Winter
Fuel payments
For
the first time July is the qualifying month to get the Winter Fuel Payment. In
the past people who reached 60 in the third week in September became eligible
for the payment. But from this year the age to qualify for the payment will rise
slowly alongside the rise in the age for women to get the state pension. To
qualify this winter you must be born on or before 5 July 1950. Qualifying dates
for the next five winters are in the table below.
Qualifying for Winter
Fuel Payment |
|
Winter |
Born on or before |
2010/11 |
5 July
1950 |
2011/12 |
5
January 1951 |
2012/13 |
5 July
1951 |
2013/14 |
5
January 1952 |
2014/15 |
5 July
1952 |
to qualify for the first time
you also have to be living in the UK in the week of 20-26 September 2010. But
once you have had a winter fuel payment you can continue to receive it if you go
to live anywhere in the European Economic Area or Switzerland. The payment is
per household. So a couple will normally get half each. People in care homes
only get the payment if they support themselves and it is paid to them at half
the full rate.
Although the entitlement to a
winter fuel payment is personal, about 34,000 payments are made to a person who
does not qualify but whose partner does. That happens if one partner is under 60
and gets an income related benefit and the other partner is over the qualifying
age.
The coalition government has
promised to ‘protect’ Winter Fuel Payments so the payment is expected to be £250
for those aged under 80 and £400 for those born on 26 September 1930 or earlier.
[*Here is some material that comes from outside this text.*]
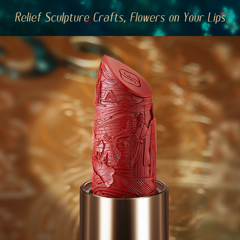 2. Craftsmanship: it combines millennial miniature relief craftsmanship in China with modern technology. The lipstick body is engraved with “Zhang Chang’s Drawing His Wife’s Eyebrows”, a famous love story in the Han Dynasty.
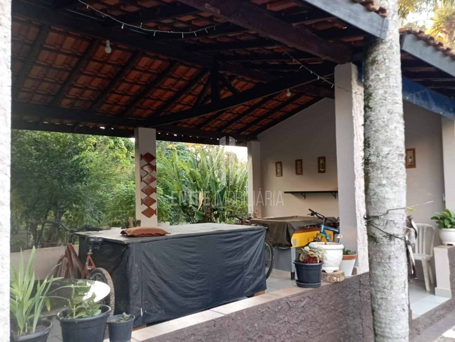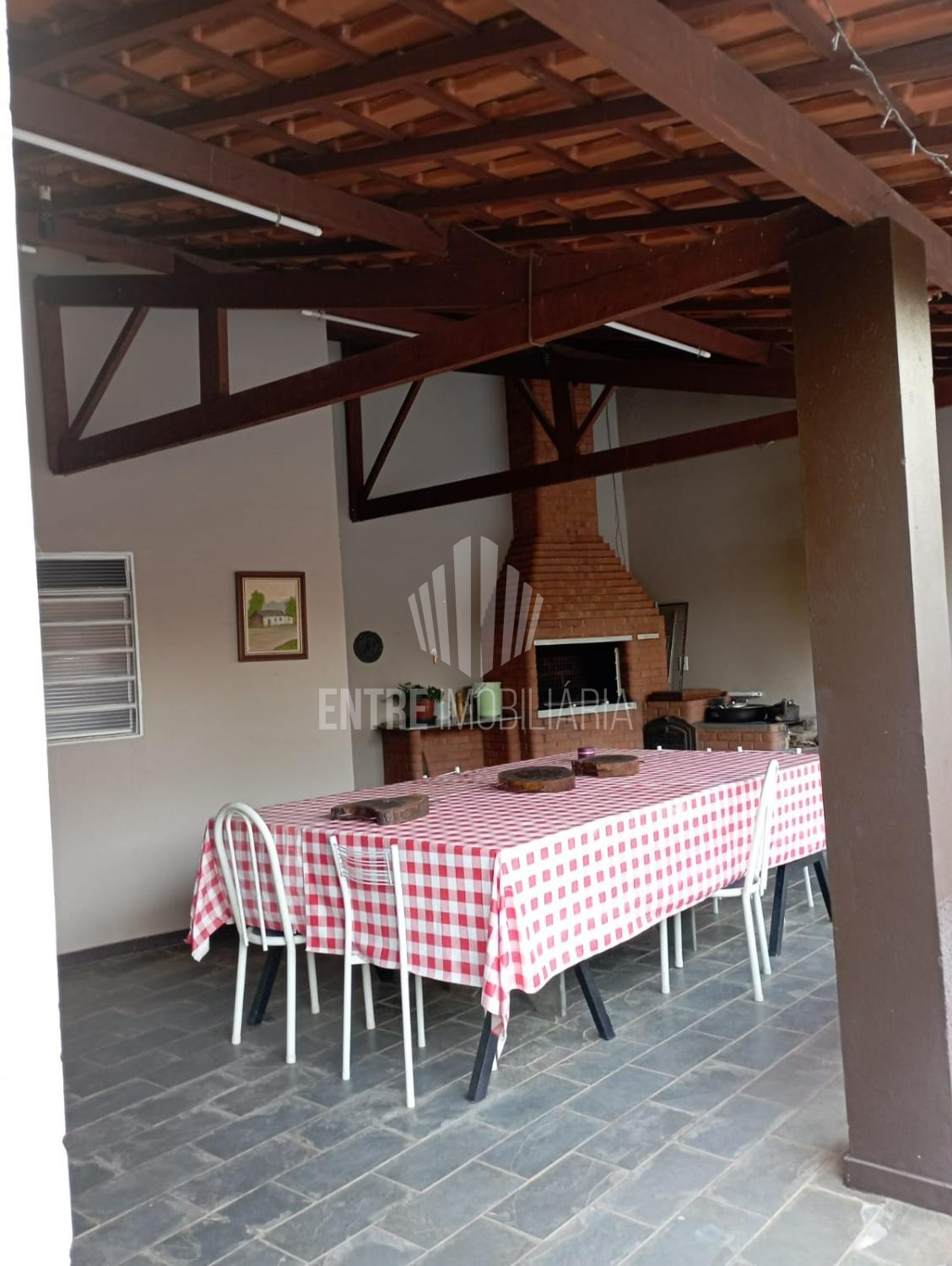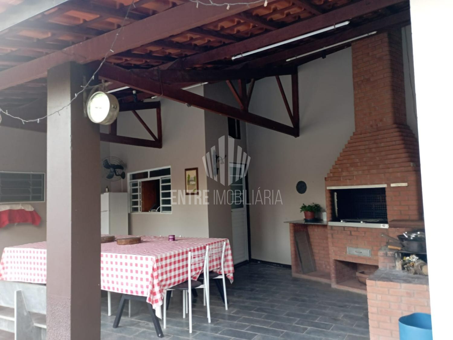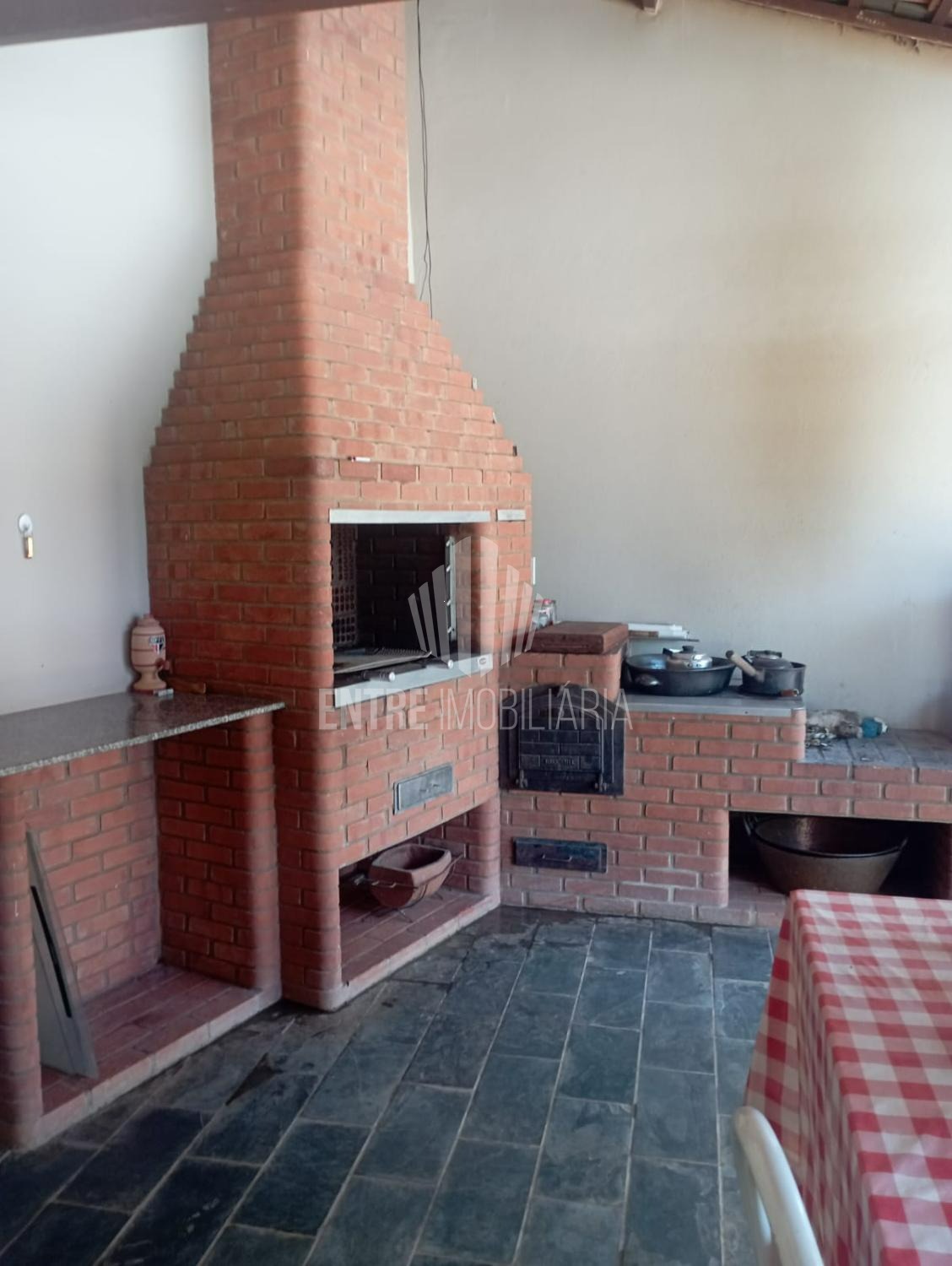 Salão de churrasqueira com cozinha de apoio, lavanderia fechada, quartinho de ferramentas, galinheiro.

Liberal Democrat plans to take the payment away from people aged 60 to 64 and
use the money to extend the payment to some younger disabled people have been
scrapped. The Treasury is thought to have considered taxing or means-testing the
payment but so far no change has been announced.
£4
billion – yes £4,000,000,000 – to share.
Are you due a share of £4 billion in redress which the insurance industry may
have to pay to more than two million people? If you have ever taken out a loan,
a credit card, a mortgage or any other form of credit you may be. Since at least
2005 (and probably before) loan companies, banks, insurers, and advisers have
been systematically mis-selling insurance which is supposed to meet some of the
repayments if the borrower falls sick or loses their job. But the insurance
frequently does not pay out as promised, has been sold to people who were
excluded from claiming by age, illness or personal circumstances, or does not
cover a sufficient amount of the repayments to be worthwhile.
I reported these concerns here in December 2006 and after years of complaints by
the Office of Fair Trading, consumer bodies and the Competition Commission the
Financial Services Authority has finally produced its plan for redress. The
financial services industry may have to pay out more than £4 billion in
compensation and administrative costs.
Look at any loan you have taken out in the last few years, see if you paid
insurance on it to protect the payments, and if you did, write to the provider
asking if you are due redress. If you are not given compensation by the firm you
can take your case to the Financial Ombudsman Service.
State pension boost
The coalition government has decided to increase the basic state pension from
April next year in line with prices or earnings whichever is the higher. And
there will always be a minimum rise of 2.5% even if both prices and earnings
rise by less than that. The government has promised to implement what it calls
this triple guarantee (the highest of prices, earnings or 2.5%) from April 2011
and then to pass a law to make sure it happens in future. This rule will apply
to the ‘basic state pension’. It is not clear how SERPS or the other parts of
the pension will be increased.
After briefly rising in line with earnings in the late 1970s the pension has
been increased each year in line with prices as measured by the Retail Prices
Index. However it has risen slightly above the retail prices index. If it had
gone up strictly with prices since 1980 it would be £85 a week not £97.65. But
if it had gone up with earnings it would be almost £140 a week now.
Helping
grandchildren
Now that the Child Trust Fund is to be scrapped grandparents must think
of alternative ways to give money to children. From 1 August the payment for new
babies is to be slashed from £250 to £50 for most children and from £500 to £100
for those whose parental income is below £16,190 a year. The payments made at
age seven will stop from the same date. So children born on 1 August 2003 and
later will not get that extra payment. Babies born or due from 1 January 2011
will not get any payment and it is not clear if parents will be able to open a
child trust fund account for them at all or how long the existing child trust
funds will last.
One alternative is to pay into a pension for a grandchild. Under current
rules they cannot touch that until they are 55. But the coalition government is
proposing that in future people should have access to at least part of their
fund before that age as long as it is used for specific needs – such as a
deposit on a first home.
The Treasury adds 25% tax relief to what you pay in but there is an upper
limit of £2,880 – which is worth £3600 with the tax relief. Because the money
will be there for up to 55 years a stockmarket investment is generally thought
to be best. A fund with very low charges that tracks the FTSE All Share index is
most likely to show the best growth over that time.